I stared at him, uncertain I could trust what I was hearing.
"Lore, you don't have to be perfect for people to like you. Everyone's got their issues. And quite frankly, I'd be more worried about what you think than what I do." He said looking upset. "You sound like you hate yourself."
I didn't answer at first, still processing everything that was happening, and at this point, he looked truly alarmed.
"Do you?"
He sounded genuinely concerned.
"No." I said honestly, shaking my head and rejecting the notion. "I just…"
The sentence momnetarily died however, as the realization struck.
"I just don't like myself either."
It wasn't news to me, but still admitting it in my head and hearing it outload were two very different things.
The tears were well and truly flowing now and I brushed at them, embarrassed.
"I'm sorry." I said quickly, the shivering worse. I felt awful. Awful and sick, like I'd been stung by something venomous and was now reaping the reward. "I shouldn't be this upset. I'm sure you don't-"
But to my surprise, Dex had reached out and taken my hands with his, and when he spoke, his tone was far gentler than I probably deserved.
"I asked." He reminded me.
"See what happens when I'm honest?" I asked with a broken laugh, not bothering to question what he was doing.
I was falling apart.
I looked away, humiliated and ashamed at my inability to keep it together and keep my emotions in check, but looked back however, when suddenly, the beach was flooded with light.
A wave a warmth of washed over me, and I saw that above my palms supported by Dex's hands, was the fire he'd shown me earlier.
I expected it to hurt. I expected my skin to blister and burn coming into such close contact with pure magical flames but it didn't.
It was just warm. A feeling I thought I might have forgotten how to feel by this point until tonight.
I stared at the fire completely confused.
"See what happens when I'm honest?" he asked quietly.
"Why doesn't it hurt?" I asked trying to lift a hand from his, but he closed his fingers around it.
"It will if you break contact." He said sounding a little amused. "I can't be burned. As long as you're close enough, you can't be either."
"That's why you could hold the cookie tray." I said in realization and he grinned.
"Yes." He said with a laugh. "But the point still stands." He continued, relaxing his grip, but I continued to rest my hand on his. "Sometimes things that are supposed to hurt, aren't really all that painful with a little help from friends.

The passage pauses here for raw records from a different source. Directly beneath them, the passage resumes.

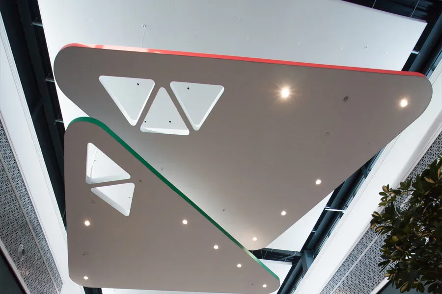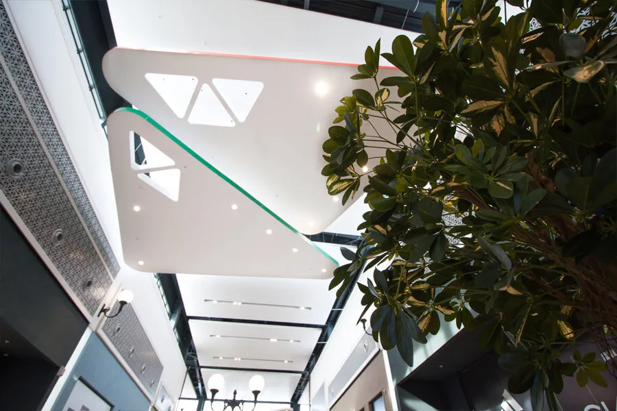 - В центральном атриуме использованы потолки-фрагменты Armstrong Optima L Canopy в форме треугольников, подвешенные на разной высоте, создающие эффект «парящих облаков».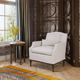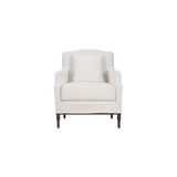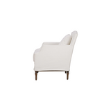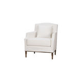 The St. James Slipcovered Chair offers timeless elegance with its clean lines and tailored silhouette. Upholstered in Arctic White performance fabric, it features a plush seat, matching pillow, and carved wooden legs—combining classic charm with everyday durability.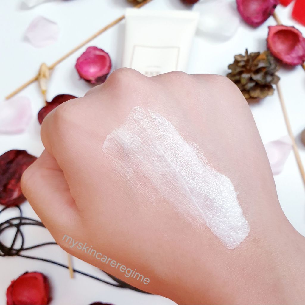 Packaging: Soft squeeze-y plastic tube with a flip-top cap. This is relatively easy to squeeze product out (the cleanser doesn’t shoot out, you’ll see its thickness in the texture swatch below).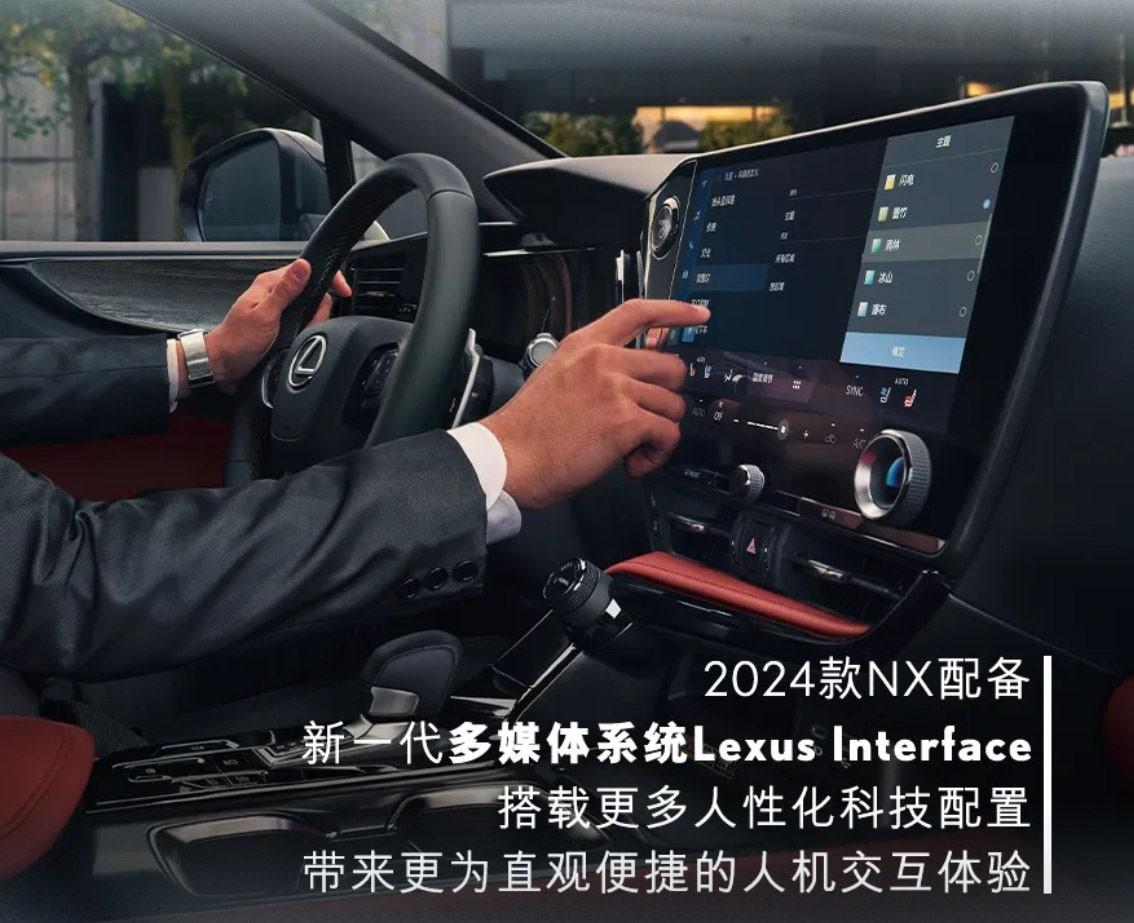 在車身尺寸方面,2024款雷克薩斯NX與老款車型保持一致,并沒有進行提升或縮減,新車車長為4660毫米,軸距為2690毫米。內飾設計方面,2024款雷克薩斯NX同樣也是基本延續了現款車型的設計風格,只不過,在部分細節以及配置上進行了一定程度的升級和優化,新車采用了Tazuna韁繩概念座艙設計,新增了皓白色內飾配色可選,做工以及用料上,看上去給人感覺很扎實,中控區域布局清晰簡潔,全液晶儀表盤+懸浮式中控大屏,提升了幾分應有的科技感,并且還將支持蘋果CarPlay手機互聯,此外,新車氛圍燈光系統還進行了全面優化,Type-C也升級成了雙Type-C,全系標配新一代LEXUS雷克薩斯智能安全系統LSS+ 3.0,因此,在舒適性以及智能科技感方面,相較于老款車型,2024款雷克薩斯NX的表現自然是更為出色。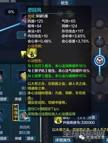 罗睺诀:此心法主要增加气劲、力道,和九婴相生,根骨提升15%,与长天心法相生,身法提升17%,心法技能焚血:增加内功攻击力,每秒损失50生命,持续20秒。再次使用技能可以提前结束焚血效果,耗血加攻虽然用处不大,但是配上神威的背水绝对没的说。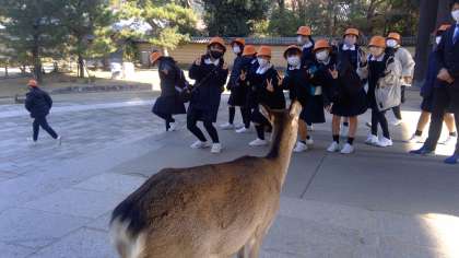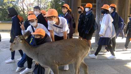 奈良公園(大仏殿、二月堂等)を見学した後、昼食のカツカレーを食べて、今は、お買い物タイムです。全員元気ですので、ご安心ください。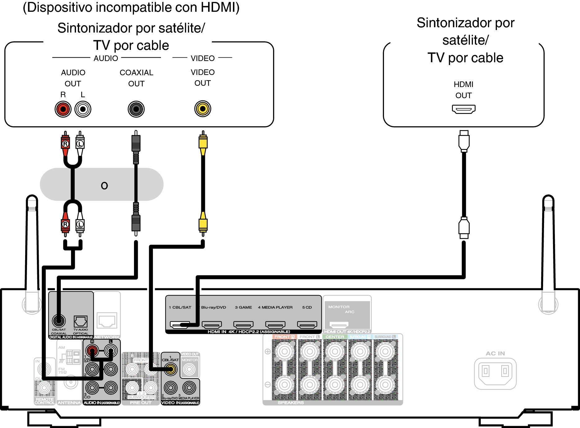 En esta explicación se incluye la conexión con un sintonizador de TV por satelite/por cable como ejemplo.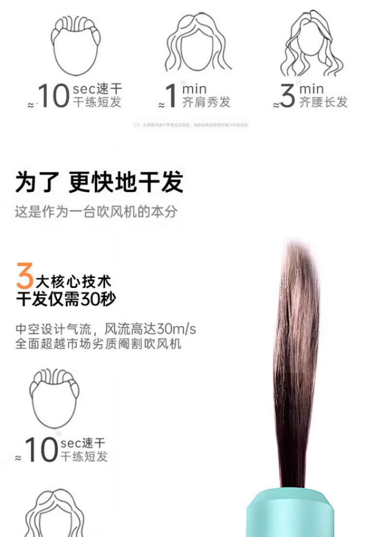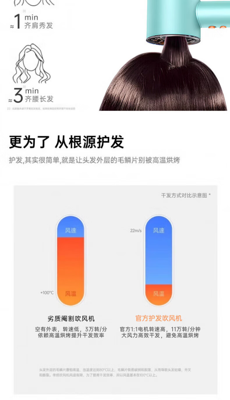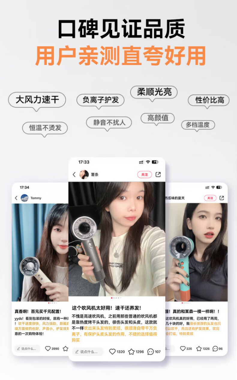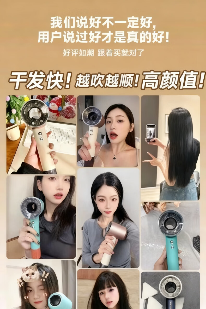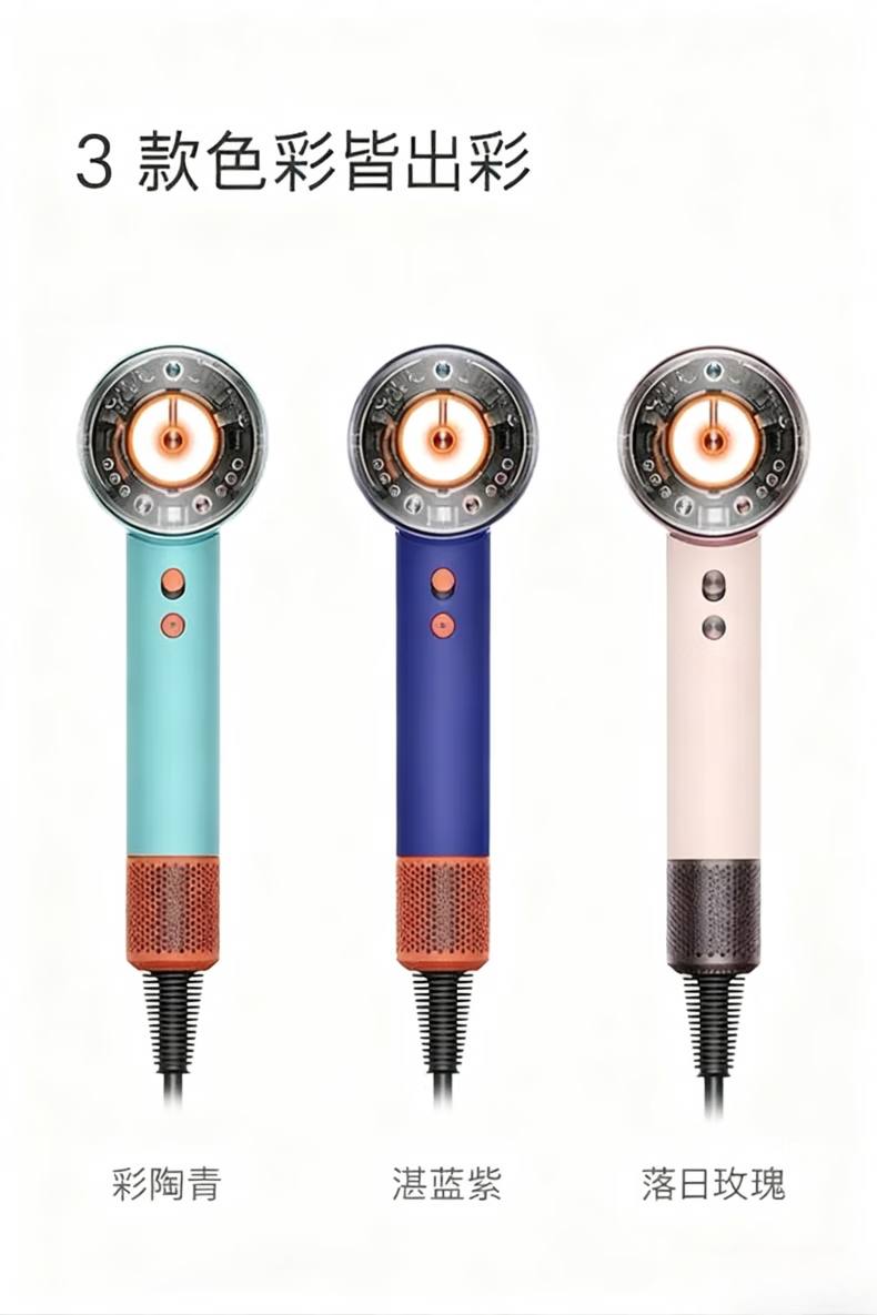 飒望德国吹风机智能感应负离子大功率不伤发护发无叶家用静音电吹风筒吹头发速干便携酒店情人节送女友 落日玫瑰【五风嘴】智能控温 全新升级 水润负离子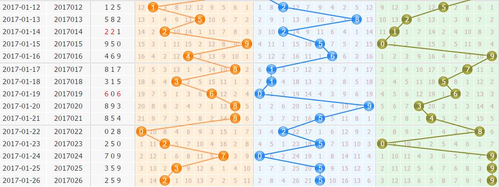 3、和值分析:上期和值16点,和值走势下降,近期和值走势波动幅度不大,本期关注二区和值出号,重点和值关注14防16点。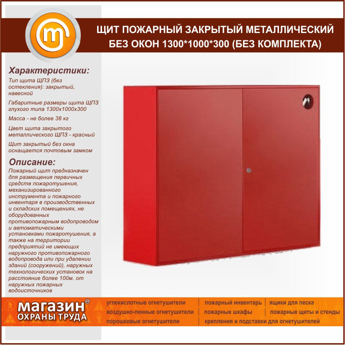 Щит пожарный закрытый металлический без окон 1300*1000*300 (без комплекта) в Омске купить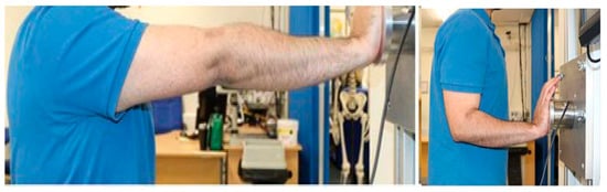 After measuring the lower limbs, the FS device was then positioned at participant elbow level and fixed to the wall. Participants were instructed in a standing position with 90° at the elbow joint and neutral position in the shoulder joint to push the FS as forcefully as possible using their hand/palm to measure hand pushing force (Figure 6 right). The FS was then moved to participant shoulder level and again fixed to the wall. Participants were instructed in standing position with shoulder flexion 90° and arm extended to push the FS as forcefully as possible using their hand/palm to measure hand pushing forces (Figure 6 left).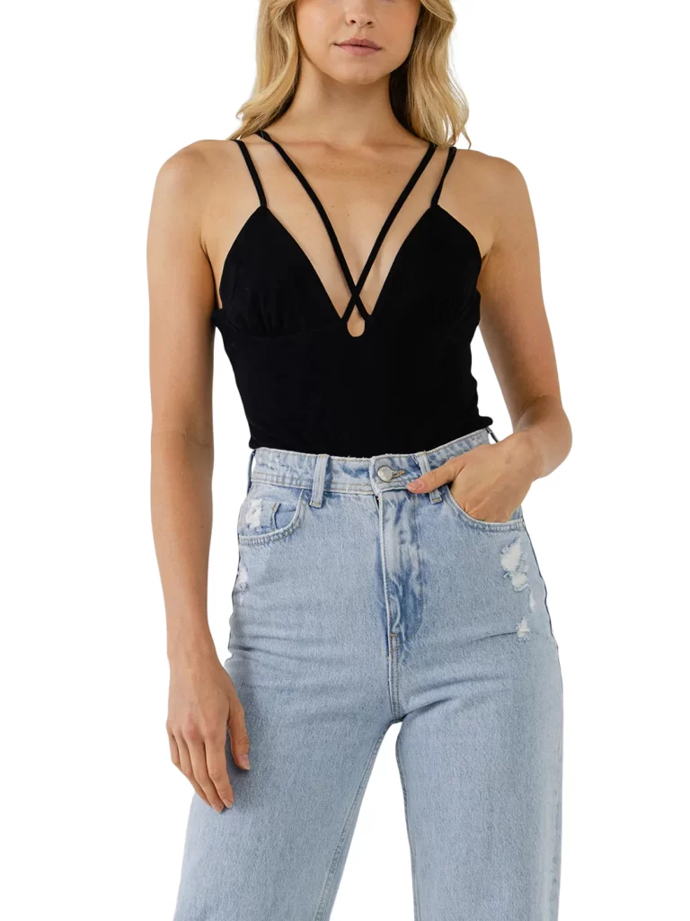 I am wearing a sexy, strappy black bodysuit.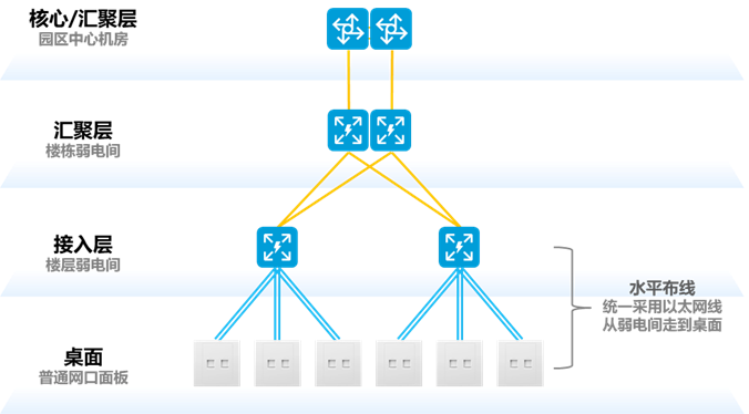 由于终端接入位置采用了标准化安装,而接入交换机通常统一放置在弱电间。因此,传统以太网在网络设计时,只需统计终端的接入点数,就能轻松计算出所需接入和汇聚交换机的数量,这种数点式的设计方式使得网络设计变得简单直观。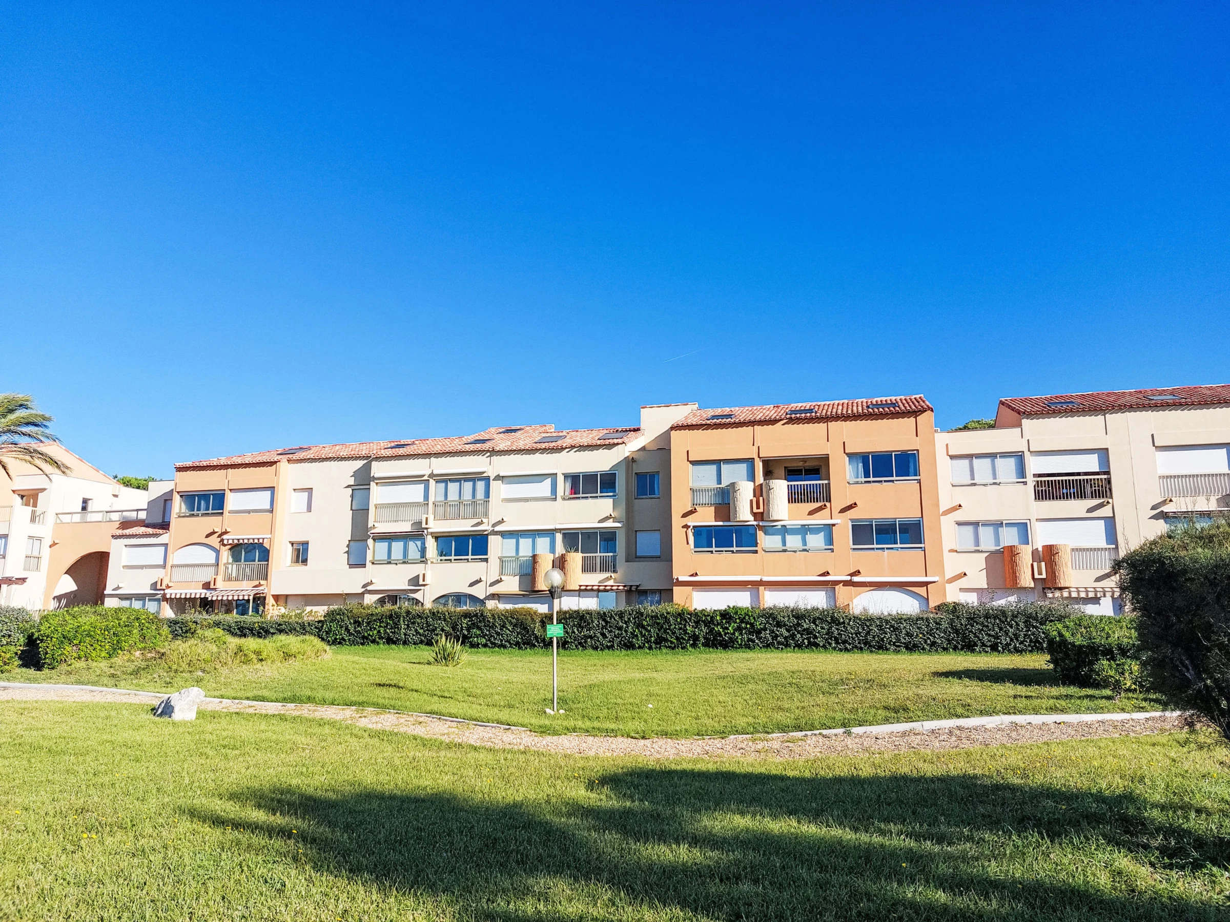 Residencia "Les Marines d'Aryana", de 2 plantas. A [hidden] m del mar, a [hidden] m de la playa. Comunitario: piscina vallada (20 x 10 m, Disponible por temporada: [hidden] - [hidden] horario piscina: 09:[hidden]:30, extra). Tenis ([hidden] - [hidden] (extra), Aparcamiento (número limitado), posibilidad de aparcamiento 50 m. Tienda, tienda de comestibles [hidden] m, supermercado 1 km, restaurante [hidden] m, parada autobús [hidden] m, playa de arena "La coudoulière" [hidden] m. Tenis 50 m. Zona de senderismo Sainte Baume, Sainte Victoire, Calanques Port-Cros, Porquerolles, Ile verte, Embiez, Figuerolles, Cassis. A tener en cuenta: la entrega de llaves se realiza por la agencia en Six fours les plages, 3 km. La foto corresponde a una de las viviendas. Acceso a la piscina: Mañana: 2€ - Tarde: 3€. 10 entradas día por 30€. Gratuito niño menos de 4 años. Acceso Tenis : apertura de 7:00 / 21:00. 10€ la pista (2 à 4 jugadores). Reservación oblogatoria al monstrador de la piscina.

You just have to let them."
I wanted to call him out on such a cheesy metaphor, but I didn't. I was afraid of what would happen if I did. The cold had been banished for now, and I was scared that if I did or said anything, it would be back. That he'd let go, and everything would come rushing back along with the darkness. That all my problems and my choices would be waiting for me the second it was gone, and after even just a moment of reprieve, they'd come back heavier and more crushing than ever.
That they might just bury me alive.
"I'm sorry people have hurt you Lore." He said quietly. "But if it makes you feel any better, I like honest Lorelei."
His eyes met mine, their usual warm shade of brown almost golden in the fire light.
"Caleb is an idiot if he doesn't realize how badly he screwed up hurting you like he did. Especially if he knew that he's the only-"
But I cut him off.
I knew what I was about to say was stupid. Stupid and reckless, and I knew admitting was only going to mess my situation up even more, but I couldn't help it.
"I didn't say that." I said quickly and I could tell that the urgency in the words had him a little confused.
"What?"
"I didn't say that." I repeated deliberately, turning my hand over.
His eyes went wide.
"Lore-" he started anxiously, obviously concerned about the fire, but my skin never broke contact with his, and I rested my palm against the inside of his hand.
"I said Caleb was an exception, Dex." I continued, my gaze meeting his over the games. "But I didn't say he was the only one."